» SOURCE DATA:
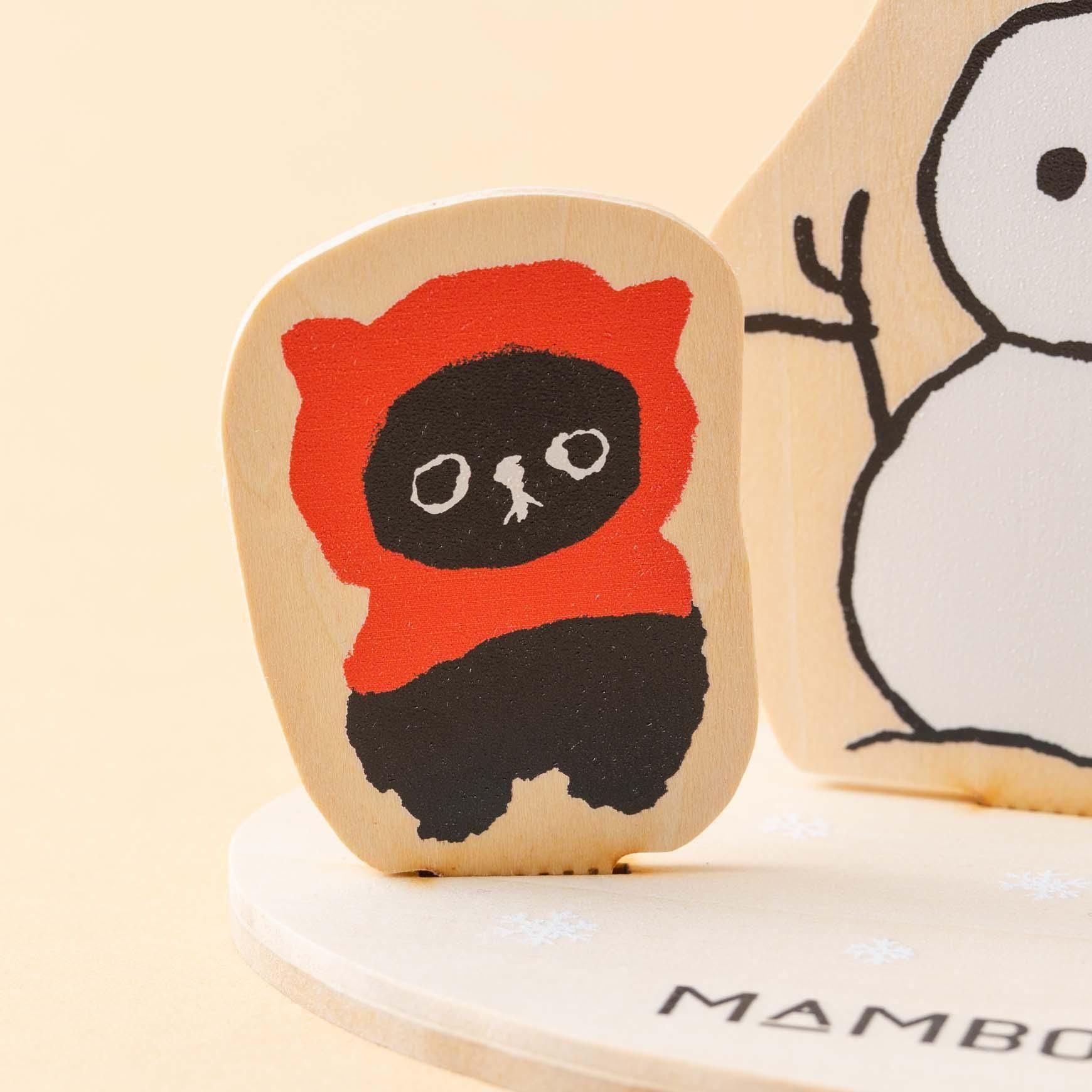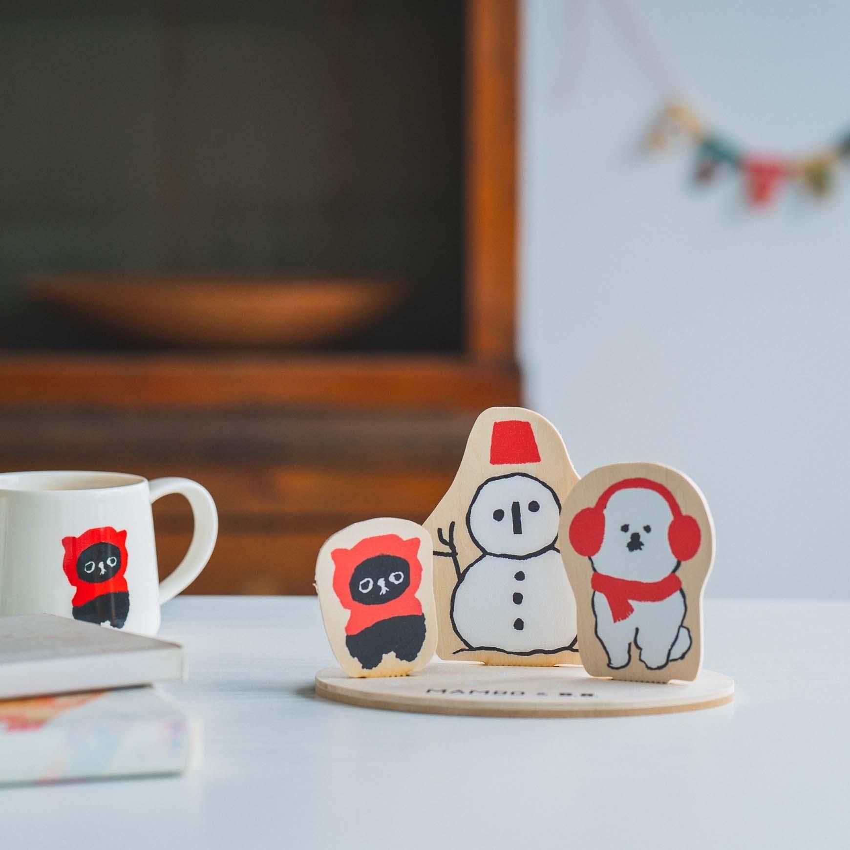 帽子をかぶった雪だるまの前に、真っ赤なイヤーマフとマフラーを巻いてたたずむ MAMBO。
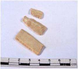 | Description / विवरण | A fragment of a rectangular shaped chert blade showing dorsal sides with sharp edges having smooth surface and triangular section. |
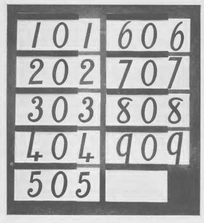 这些数字被固定在框架上,数字 1 到 9 可以滑动遮住数字0。数字 10 的 0 被 1 遮住,就会显示出数字 11。如果数字 10 的0 被 2 遮住,就会显示出数字 12。以此类推,直到最后一个数字9。然后,我们转到数字 20(第二个 10),我们可以用这种方式从 10 数到 99。
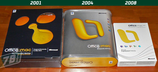 Office v.X usciva nell'autunno del 2001 anche in questa versione con VirtualPC (appena comperato da Connectix e poi abbandonato), Office 2004 arrivava in primavera di quell'anno ma sui Mac con processore Intel doveva essere emulato, Office 2008 è la prima versione Universal (seppur ancora programmata in Carbon e non multi-lingua) che funziona nativamente sui Mac con processore Intel come sui precedenti dotati di chip PowerPC.

» WHAT IS REQUIRED: The lines to be transcribed are those from the first line of the data above through the line holding "这些数字被固定在框架上,数字 1 到", inclusive; copy them exactly and only, leaving out the pictures.

» FINISHED TASK:
 帽子をかぶった雪だるまの前に、真っ赤なイヤーマフとマフラーを巻いてたたずむ MAMBO。
 | Description / विवरण | A fragment of a rectangular shaped chert blade showing dorsal sides with sharp edges having smooth surface and triangular section. |
 这些数字被固定在框架上,数字 1 到 9 可以滑动遮住数字0。数字 10 的 0 被 1 遮住,就会显示出数字 11。如果数字 10 的0 被 2 遮住,就会显示出数字 12。以此类推,直到最后一个数字9。然后,我们转到数字 20(第二个 10),我们可以用这种方式从 10 数到 99。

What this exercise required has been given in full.